Our national debt surpassed $14.294 trillion today, breaking through the debt ceiling set forth by Congress. How America got to this point is crystallized in the Obama Administration’s own Fiscal Year 2012 budget. It was released just three months ago and, despite our country being knee deep in an enormous fiscal crisis, does not mention any meaningful entitlement reform at all. In fact, President Obama said at the time that it was not his place to offer a plan to bring down America’s debt: “…if you look at the history of how these deals get done, typically it’s not because there’s an Obama plan out there.”
A President has to lead, but when it comes to the national debt, President Obama has been MIA. Without any leadership from the White House the burden falls to Congress. Over a thousand people took Citizens United’s Facebook poll over the weekend, and an overwhelming majority believes that Congress will not have the courage to reform Medicare and Social Security this year. To bring down our debt, real reform of entitlement programs must be done. If not, the national debt will continue to spiral out of control making life that much more difficult for future generations.
The Treasury Department can still pay America’s creditors up until August 2nd, at that point if a deal on raising the debt ceiling is not reached in Congress then America will default on its obligations. There is still time for a deal to be reached, but that deal must include real cuts and reforms or we will be back at this same point again soon, only with higher debt. Enacting the cuts necessary to get us back on stable ground will be both painful and difficult. It will take a courageous coalition of Americans willing to do the right thing for our children and grandchildren; something President Obama has failed to do so far.

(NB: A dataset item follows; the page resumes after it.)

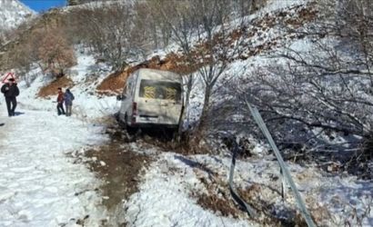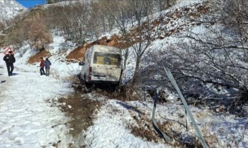 Elazığsporlu taraftarları taşıyan bir minibüs, kar ve buzlanmanın etkisiyle şarampole kaydı. Neyse ki kazada yaralanan kimse yoktu ve facianın eşiğinden dönüldü.

In March, I called on Congress to adopt a rule that would trigger a debt ceiling vote every time the debt climbs $100 billion. At the rate the federal government is spending money, these votes would have to be taken often. The reason to have the debt limit so low is to hold Congress and the Obama Administration’s feet to the fire when it comes to spending cuts. Congress has raised the debt ceiling 98 times since 1940, rendering the idea of a “debt limit” virtually useless. The ceiling is more like a goalpost that keeps getting moved because of the federal government’s reckless spending habits.
To give this new rule teeth, the vote should require a two-thirds super majority in Congress to continue to fund the government. With this rule in place, raising the debt ceiling would become extremely difficult and Congress would be forced to curb spending or face defaulting on our debt. Some may call this extreme, but when the Chairman of the Joint Chiefs of Staff, Admiral Michael Mullen, says, “The most significant threat to our national security is our debt,” extreme measures must be taken.
For decades, there was a culture of indulgence that led to many Americans looking the other way when it came to fiscal responsibility and our national debt. Citizens United Productions’ documentary Generation Zero explains how this selfishness helped lead to our current economic crisis. Thankfully, with the help of the Tea Party movement, Americans have finally awoken to our national debt crisis. In a Gallup Poll released last week, 47 percent of Americans want their Member of Congress to vote against the raising of the debt ceiling. Americans are realizing that the national debt, as it now stands, will have a devastating impact on their children and grandchildren’s standard of living and they are demanding that Washington take action now.